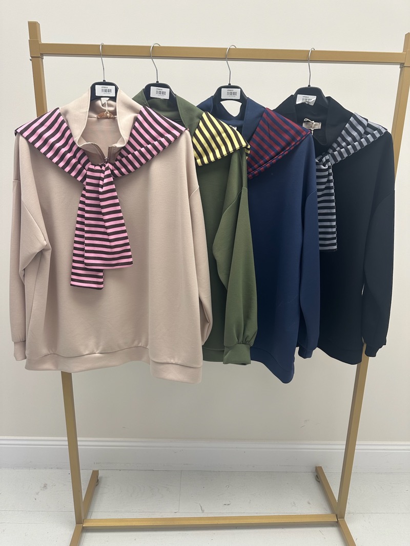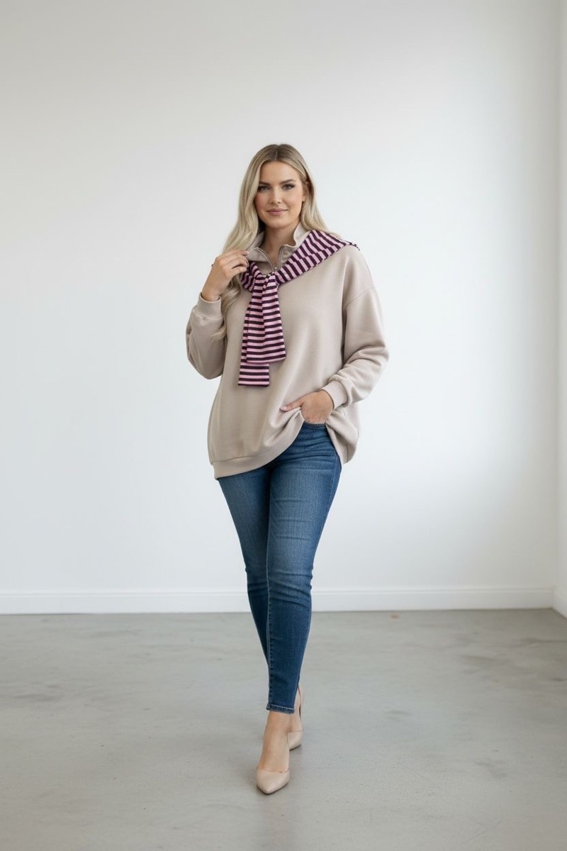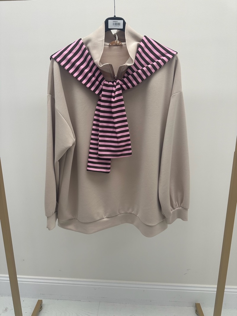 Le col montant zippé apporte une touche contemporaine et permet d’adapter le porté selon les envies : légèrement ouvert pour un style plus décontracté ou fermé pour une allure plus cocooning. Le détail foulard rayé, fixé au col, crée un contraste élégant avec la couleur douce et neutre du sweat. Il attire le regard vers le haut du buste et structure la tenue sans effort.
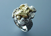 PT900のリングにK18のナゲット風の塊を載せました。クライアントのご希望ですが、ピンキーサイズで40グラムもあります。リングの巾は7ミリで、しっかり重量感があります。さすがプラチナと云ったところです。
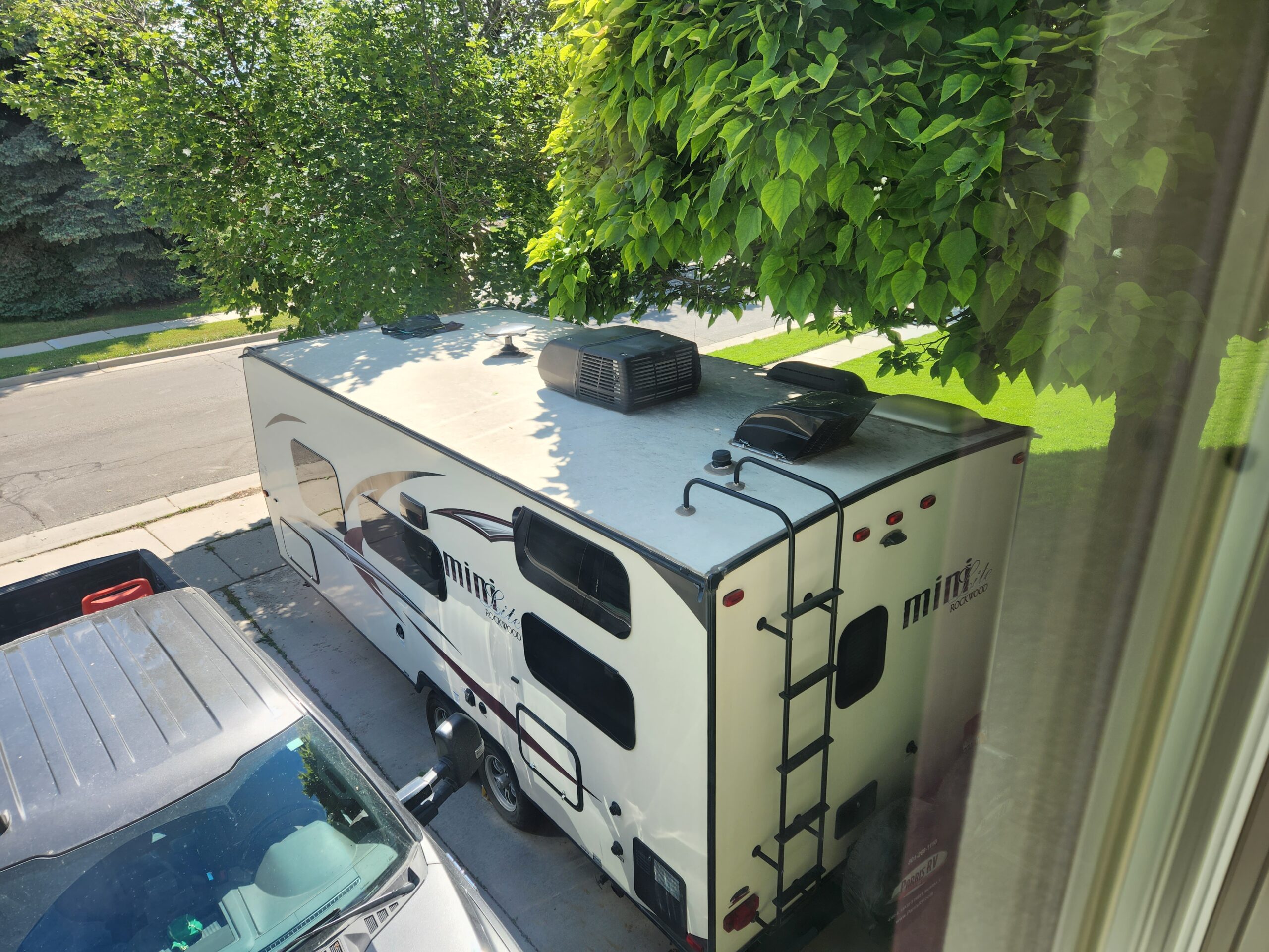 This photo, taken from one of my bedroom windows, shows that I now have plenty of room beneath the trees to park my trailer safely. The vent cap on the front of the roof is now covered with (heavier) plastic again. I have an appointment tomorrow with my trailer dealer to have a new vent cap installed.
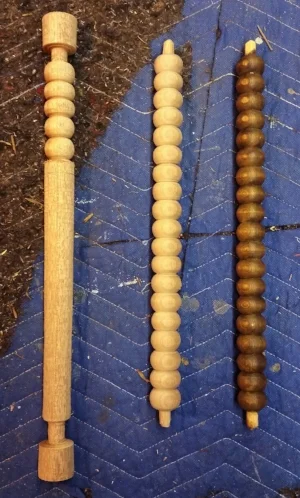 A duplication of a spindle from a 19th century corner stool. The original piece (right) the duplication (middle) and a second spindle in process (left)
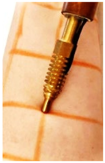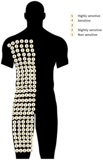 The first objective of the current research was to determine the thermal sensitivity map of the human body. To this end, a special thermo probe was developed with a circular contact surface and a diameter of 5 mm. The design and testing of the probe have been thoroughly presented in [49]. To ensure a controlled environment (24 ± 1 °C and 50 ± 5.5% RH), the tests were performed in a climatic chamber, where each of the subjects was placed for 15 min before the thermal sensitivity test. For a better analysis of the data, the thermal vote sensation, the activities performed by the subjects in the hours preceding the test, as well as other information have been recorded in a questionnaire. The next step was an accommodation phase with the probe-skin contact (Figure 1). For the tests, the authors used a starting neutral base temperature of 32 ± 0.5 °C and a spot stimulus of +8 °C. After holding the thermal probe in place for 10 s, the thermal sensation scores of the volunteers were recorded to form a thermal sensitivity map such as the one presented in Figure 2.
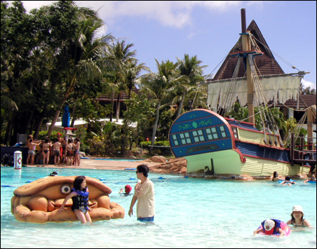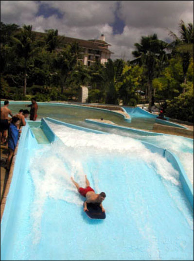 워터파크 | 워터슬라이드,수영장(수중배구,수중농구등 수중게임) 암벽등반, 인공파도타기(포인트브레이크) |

* * *

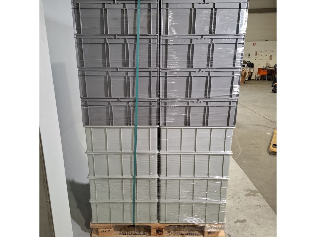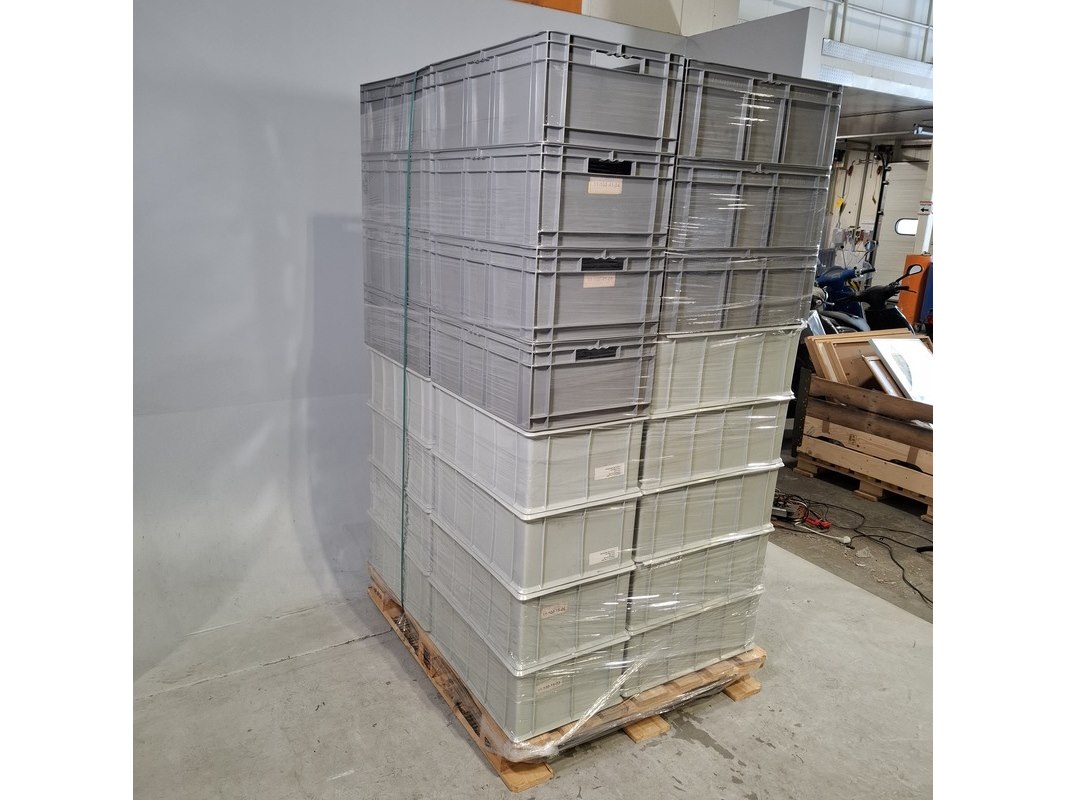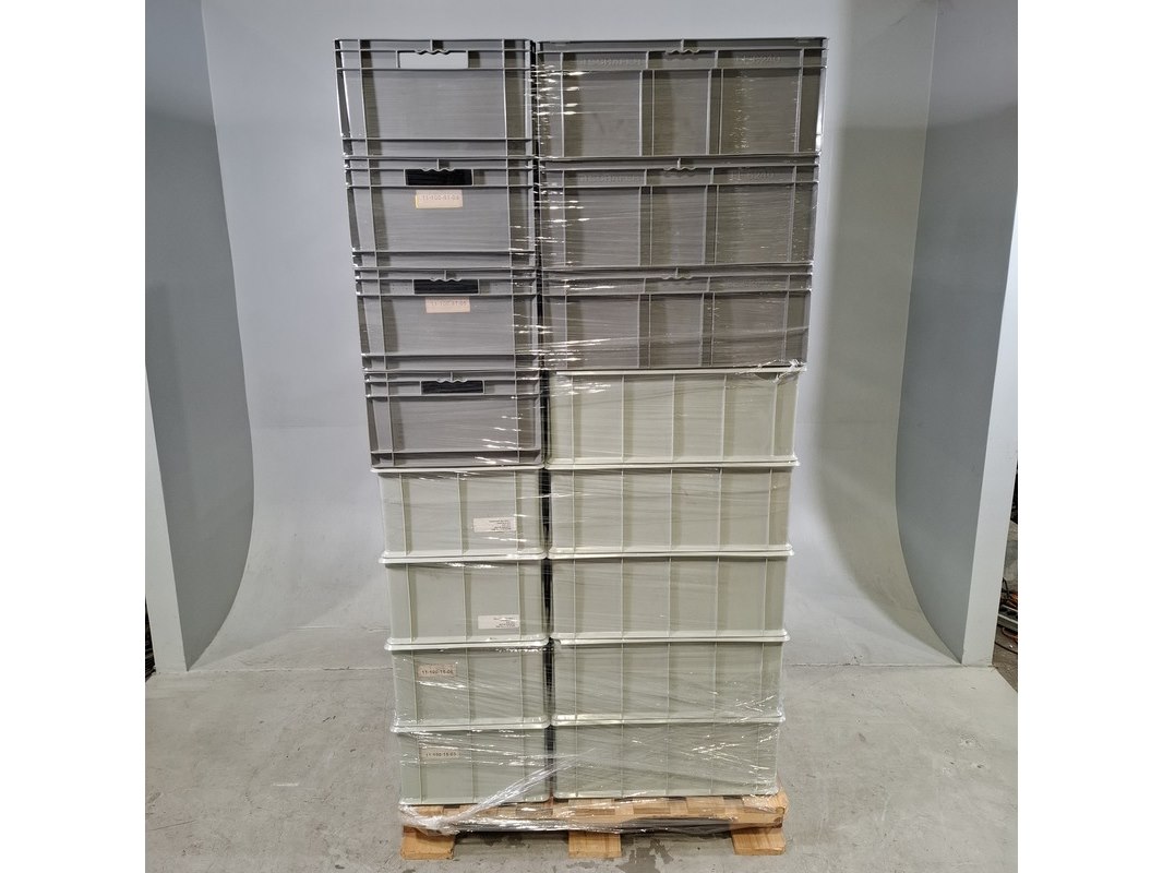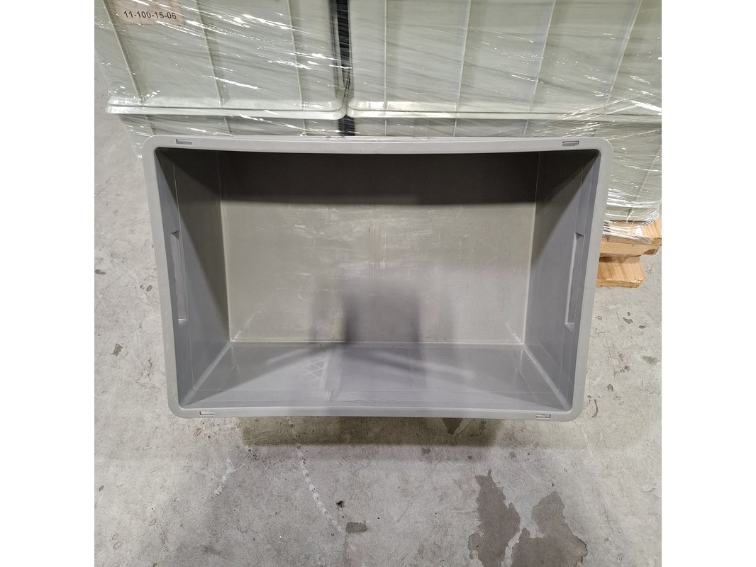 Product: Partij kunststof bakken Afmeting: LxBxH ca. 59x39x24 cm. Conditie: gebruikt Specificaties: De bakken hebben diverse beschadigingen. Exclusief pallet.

EXERCISE INSTRUCTIONS
With pictures excluded, reproduce exactly the lines above from the one containing "Le col montant" down to the one containing "This photo, taken", those two included.

ANSWER SECTION
 Le col montant zippé apporte une touche contemporaine et permet d’adapter le porté selon les envies : légèrement ouvert pour un style plus décontracté ou fermé pour une allure plus cocooning. Le détail foulard rayé, fixé au col, crée un contraste élégant avec la couleur douce et neutre du sweat. Il attire le regard vers le haut du buste et structure la tenue sans effort.
 PT900のリングにK18のナゲット風の塊を載せました。クライアントのご希望ですが、ピンキーサイズで40グラムもあります。リングの巾は7ミリで、しっかり重量感があります。さすがプラチナと云ったところです。
 This photo, taken from one of my bedroom windows, shows that I now have plenty of room beneath the trees to park my trailer safely. The vent cap on the front of the roof is now covered with (heavier) plastic again. I have an appointment tomorrow with my trailer dealer to have a new vent cap installed.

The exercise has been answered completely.